Make an exact copy of the listing underneath, skipping each picture.

### Recorded data
■ ■ ■
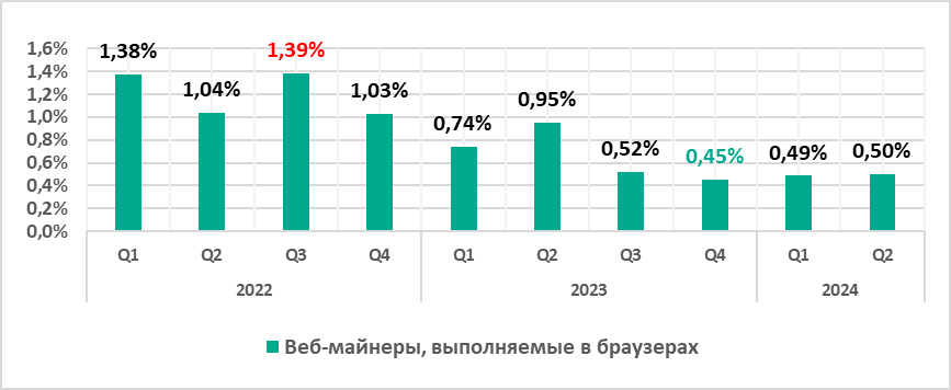 | Веб-майнеры, выполняемые в браузерах | 0,49% | 0,50% | 0,01 п.п. |
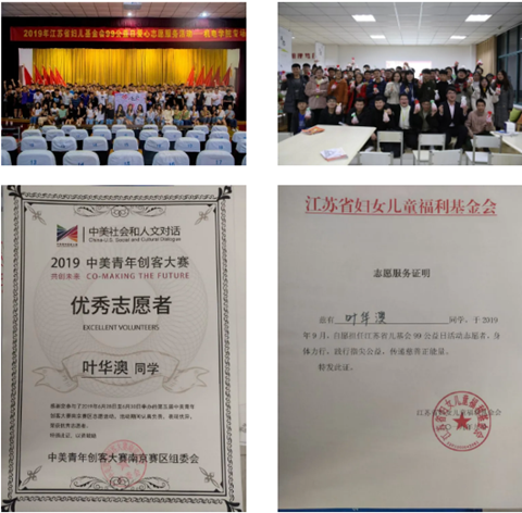 奉献,不是一句空洞的口号,是每一次积极参加青年志愿者服务时留下的汗水。大学期间,他多次参与了志愿者活动。在中美青年创客大赛的南京赛区他为赛事提供专业、优质的志愿者服务。他也是江苏省妇女儿童福利基金会的一名志愿者,在其举办的99公益日活动中身体力行,践行指尖公益,传递慈善正能量。
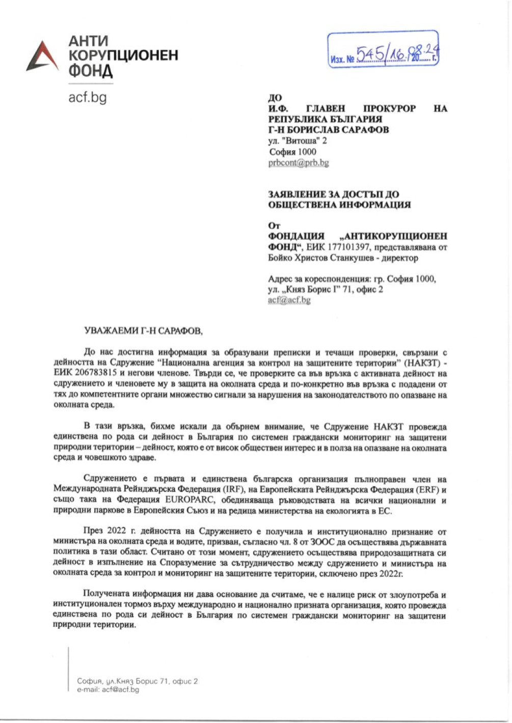 Както вече стана известно, с писмото си фондът настоява прокуратурата, МВР и КПК да предоставят информация дали са подавани сигнали срещу сдружението и негови членове, какви действия са предприети по тях и дали има възложени проверки от други институции, като се позовава на надделяващ обществен интерес.
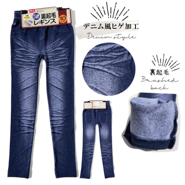 1点までメール便発送可 ゆったりはける 裏起毛 10分丈 デニムプリント レギンス M〜L L〜LL 選べる4種 LegStyle
■ ■ ■
### Expected output
 | Веб-майнеры, выполняемые в браузерах | 0,49% | 0,50% | 0,01 п.п. |
 奉献,不是一句空洞的口号,是每一次积极参加青年志愿者服务时留下的汗水。大学期间,他多次参与了志愿者活动。在中美青年创客大赛的南京赛区他为赛事提供专业、优质的志愿者服务。他也是江苏省妇女儿童福利基金会的一名志愿者,在其举办的99公益日活动中身体力行,践行指尖公益,传递慈善正能量。
 Както вече стана известно, с писмото си фондът настоява прокуратурата, МВР и КПК да предоставят информация дали са подавани сигнали срещу сдружението и негови членове, какви действия са предприети по тях и дали има възложени проверки от други институции, като се позовава на надделяващ обществен интерес.
 1点までメール便発送可 ゆったりはける 裏起毛 10分丈 デニムプリント レギンス M〜L L〜LL 選べる4種 LegStyle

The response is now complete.